*EXERCISE DESCRIPTION*. Only the pictures are dropped; the lines of the material that follow are returned exactly.
SOURCE MATERIAL section start
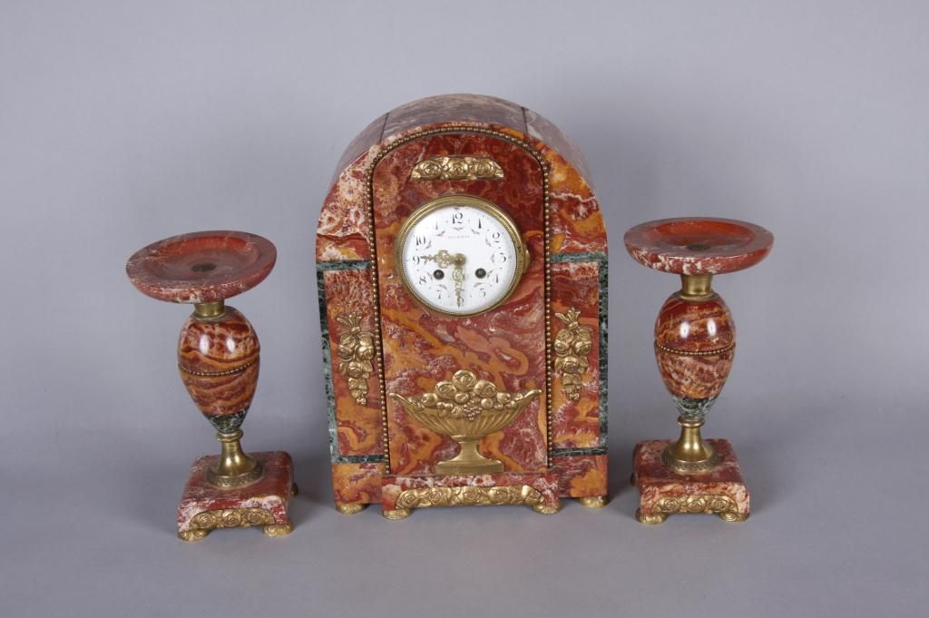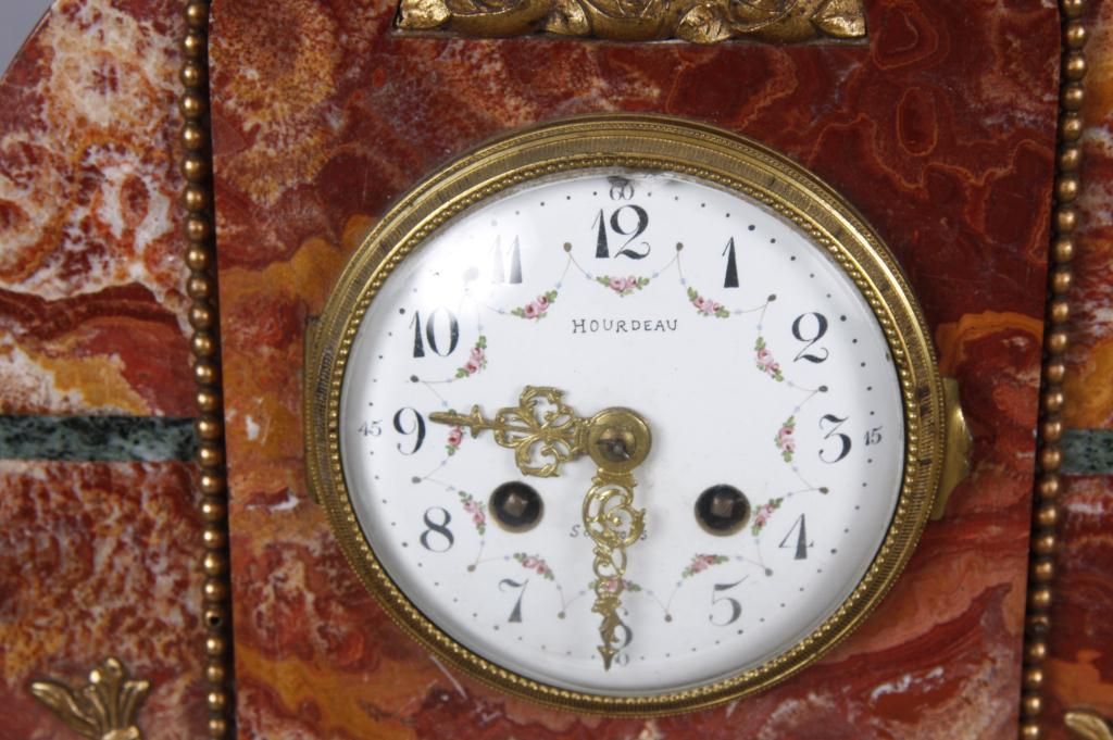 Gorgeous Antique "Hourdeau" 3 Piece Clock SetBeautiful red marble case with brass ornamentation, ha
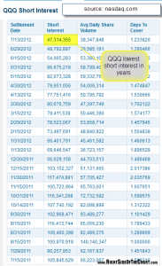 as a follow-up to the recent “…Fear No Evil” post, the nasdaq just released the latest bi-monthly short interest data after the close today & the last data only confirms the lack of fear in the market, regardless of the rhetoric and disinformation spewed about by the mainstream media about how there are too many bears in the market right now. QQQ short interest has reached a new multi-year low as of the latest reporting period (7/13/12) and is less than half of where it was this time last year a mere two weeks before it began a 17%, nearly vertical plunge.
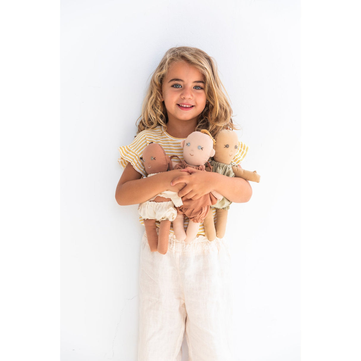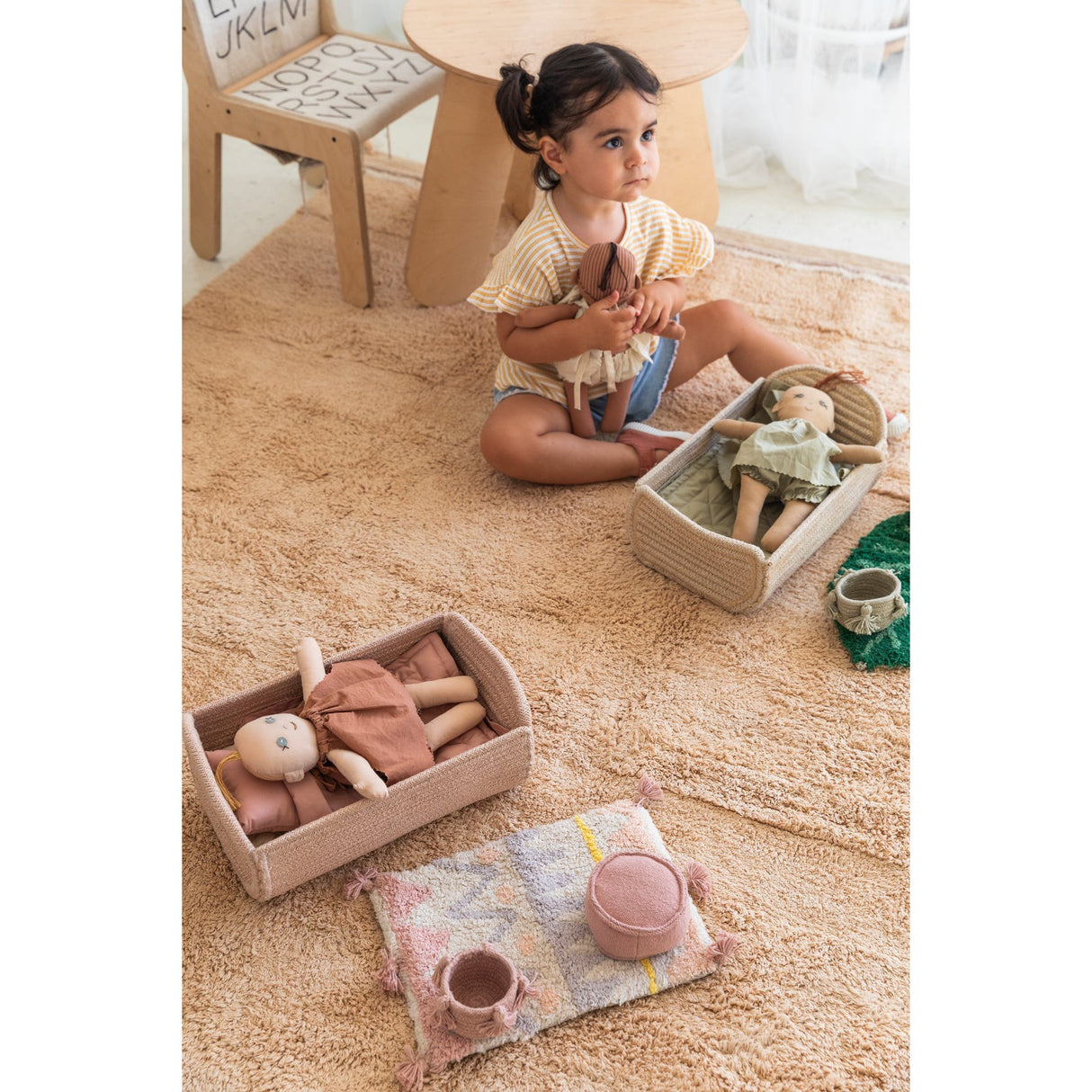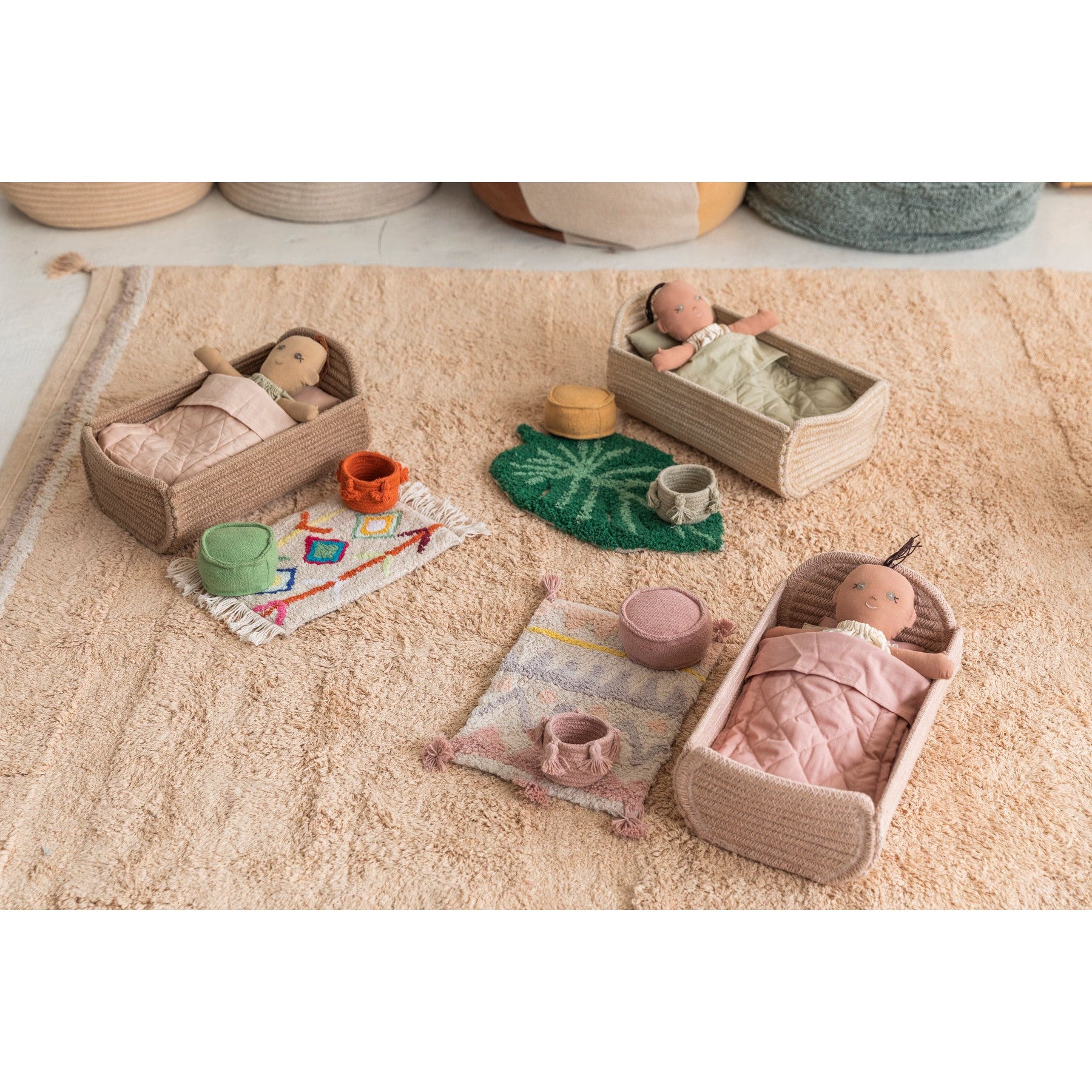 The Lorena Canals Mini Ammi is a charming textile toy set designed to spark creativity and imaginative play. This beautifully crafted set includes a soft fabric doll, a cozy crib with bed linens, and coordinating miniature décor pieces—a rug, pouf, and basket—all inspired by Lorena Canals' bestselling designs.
SOURCE MATERIAL section end
*SOLUTION TO THIS PROBLEM*.
 Gorgeous Antique "Hourdeau" 3 Piece Clock SetBeautiful red marble case with brass ornamentation, ha
 as a follow-up to the recent “…Fear No Evil” post, the nasdaq just released the latest bi-monthly short interest data after the close today & the last data only confirms the lack of fear in the market, regardless of the rhetoric and disinformation spewed about by the mainstream media about how there are too many bears in the market right now. QQQ short interest has reached a new multi-year low as of the latest reporting period (7/13/12) and is less than half of where it was this time last year a mere two weeks before it began a 17%, nearly vertical plunge.
 The Lorena Canals Mini Ammi is a charming textile toy set designed to spark creativity and imaginative play. This beautifully crafted set includes a soft fabric doll, a cozy crib with bed linens, and coordinating miniature décor pieces—a rug, pouf, and basket—all inspired by Lorena Canals' bestselling designs.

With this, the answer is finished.